**Records shown**
--
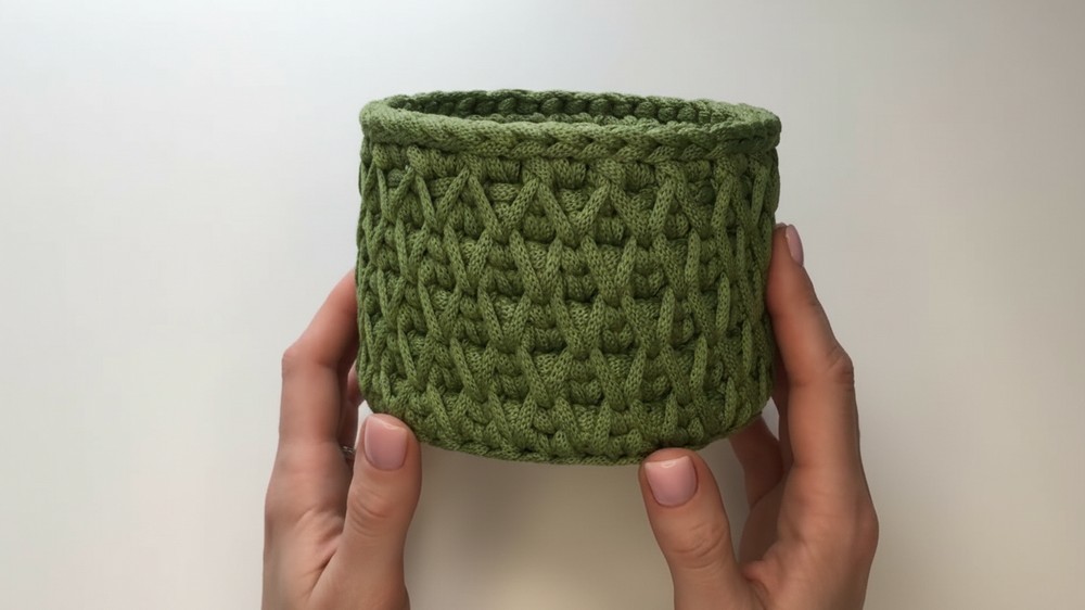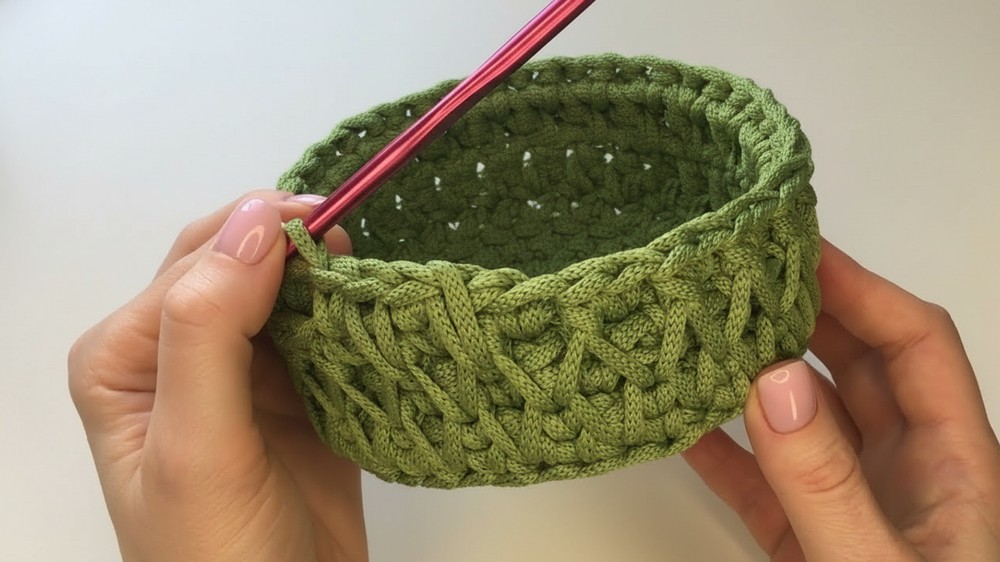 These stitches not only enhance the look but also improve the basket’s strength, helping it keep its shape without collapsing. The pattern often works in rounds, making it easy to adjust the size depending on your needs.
--
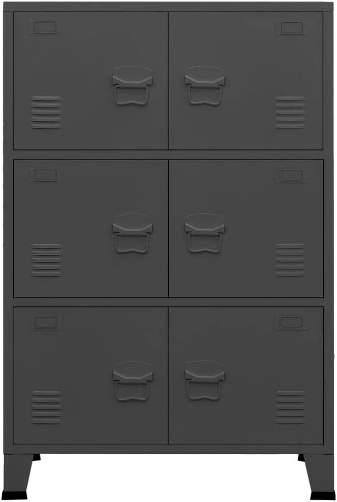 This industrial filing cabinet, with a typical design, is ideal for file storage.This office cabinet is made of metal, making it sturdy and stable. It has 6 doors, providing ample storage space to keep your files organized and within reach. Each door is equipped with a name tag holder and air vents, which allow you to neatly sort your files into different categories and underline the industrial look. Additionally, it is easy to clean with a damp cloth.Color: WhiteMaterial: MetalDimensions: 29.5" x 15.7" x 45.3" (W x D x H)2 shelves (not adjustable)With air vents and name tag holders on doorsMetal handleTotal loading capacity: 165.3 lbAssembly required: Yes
--
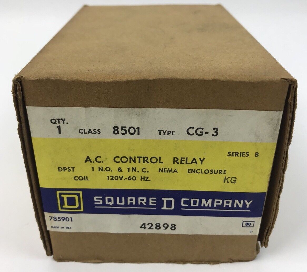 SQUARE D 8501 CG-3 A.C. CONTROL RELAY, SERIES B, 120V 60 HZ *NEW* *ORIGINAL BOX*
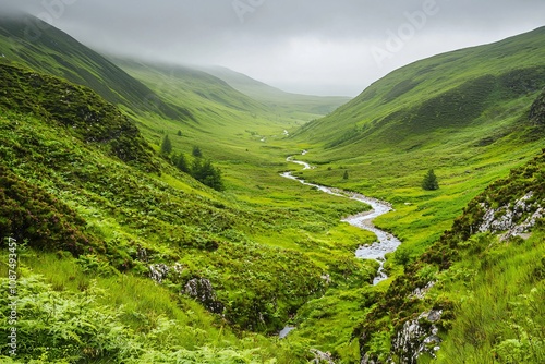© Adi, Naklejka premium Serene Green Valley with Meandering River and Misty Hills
--
**Instructions to follow**
Quote the data above exactly from the line with "SQUARE D 8501" to the line with "and Misty Hills", both ends counted, and nothing else. Pictures don't go in.

**Solved problem**
 SQUARE D 8501 CG-3 A.C. CONTROL RELAY, SERIES B, 120V 60 HZ *NEW* *ORIGINAL BOX*
© Adi, Naklejka premium Serene Green Valley with Meandering River and Misty Hills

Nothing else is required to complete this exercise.